### WHAT NEEDS TO BE DONE
Setting aside any pictures, reproduce the data exactly.

### SUPPLIED INFORMATION

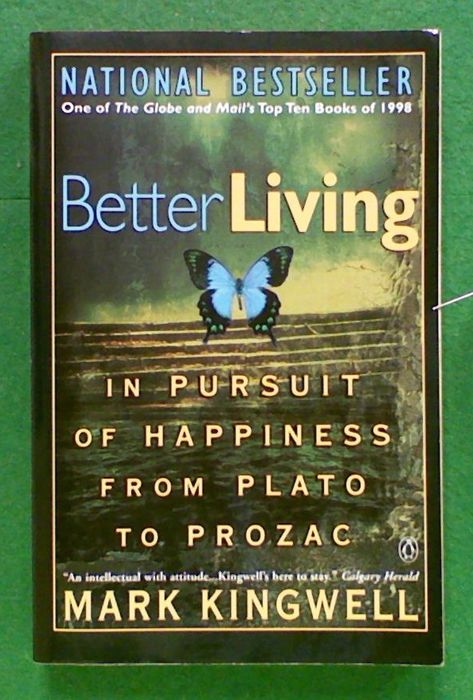 Better Living: In Pursuit of Happiness from Plato to Prozac by Mark Kingwell. 'We all think that we know what happiness is, or at least that we would like more of it. But the pursuit of this rather abstract commodity may be at once the simplest and the most vexing of human endeavors. In Pursuit of Better Living from Plato to Prozac is an exploration of the idea of happiness, the ways in which that idea has changed over the course of history, and how it influences not only individual lives, but also economic and political thinking, psychological investigation, medical practice -- in fact all facets of human life. Featuring Mark Kingwell's unique combination of cultural reportage, historical investigation, and philosophical reflection, In Pursuit of Happiness excavates layers of manipulation to seek out a happiness uncontaminated by technology, advertising, and popular culture. From a meditation on the relevance of Platonic ideas about happiness to a running commentary on the author's week at a "happy camp" in Massachusetts, this is an utterly absorbing and often hilarious exploration of just what it is that makes life worth living.'
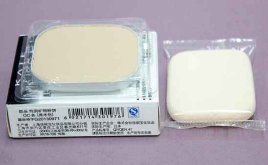 第一步:粉底液、遮瑕后,粉扑沾取适量粉饼,上脸前稍微抖一下,抖掉上面的余粉。
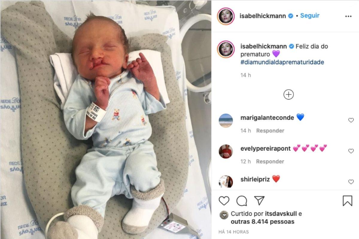 Na última terça-feira, 17 de novembro, Isabel Hickmann relembrou do nascimento do filho nas redes sociais com foto do menino que nasceu em 2019 na maternidade. A criança, fruto do relacionamento da mãe com Arlindo Conde, nasceu prematuro e com lábio leporino, tendo apenas 1 ano ele já passou por mais de uma cirurgia.
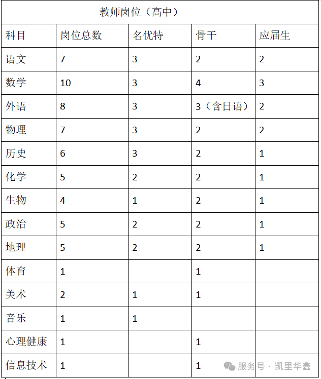 凯里市华鑫高级中学教师招聘启事

### EXERCISE OUTPUT
 Better Living: In Pursuit of Happiness from Plato to Prozac by Mark Kingwell. 'We all think that we know what happiness is, or at least that we would like more of it. But the pursuit of this rather abstract commodity may be at once the simplest and the most vexing of human endeavors. In Pursuit of Better Living from Plato to Prozac is an exploration of the idea of happiness, the ways in which that idea has changed over the course of history, and how it influences not only individual lives, but also economic and political thinking, psychological investigation, medical practice -- in fact all facets of human life. Featuring Mark Kingwell's unique combination of cultural reportage, historical investigation, and philosophical reflection, In Pursuit of Happiness excavates layers of manipulation to seek out a happiness uncontaminated by technology, advertising, and popular culture. From a meditation on the relevance of Platonic ideas about happiness to a running commentary on the author's week at a "happy camp" in Massachusetts, this is an utterly absorbing and often hilarious exploration of just what it is that makes life worth living.'
 第一步:粉底液、遮瑕后,粉扑沾取适量粉饼,上脸前稍微抖一下,抖掉上面的余粉。
 Na última terça-feira, 17 de novembro, Isabel Hickmann relembrou do nascimento do filho nas redes sociais com foto do menino que nasceu em 2019 na maternidade. A criança, fruto do relacionamento da mãe com Arlindo Conde, nasceu prematuro e com lábio leporino, tendo apenas 1 ano ele já passou por mais de uma cirurgia.
 凯里市华鑫高级中学教师招聘启事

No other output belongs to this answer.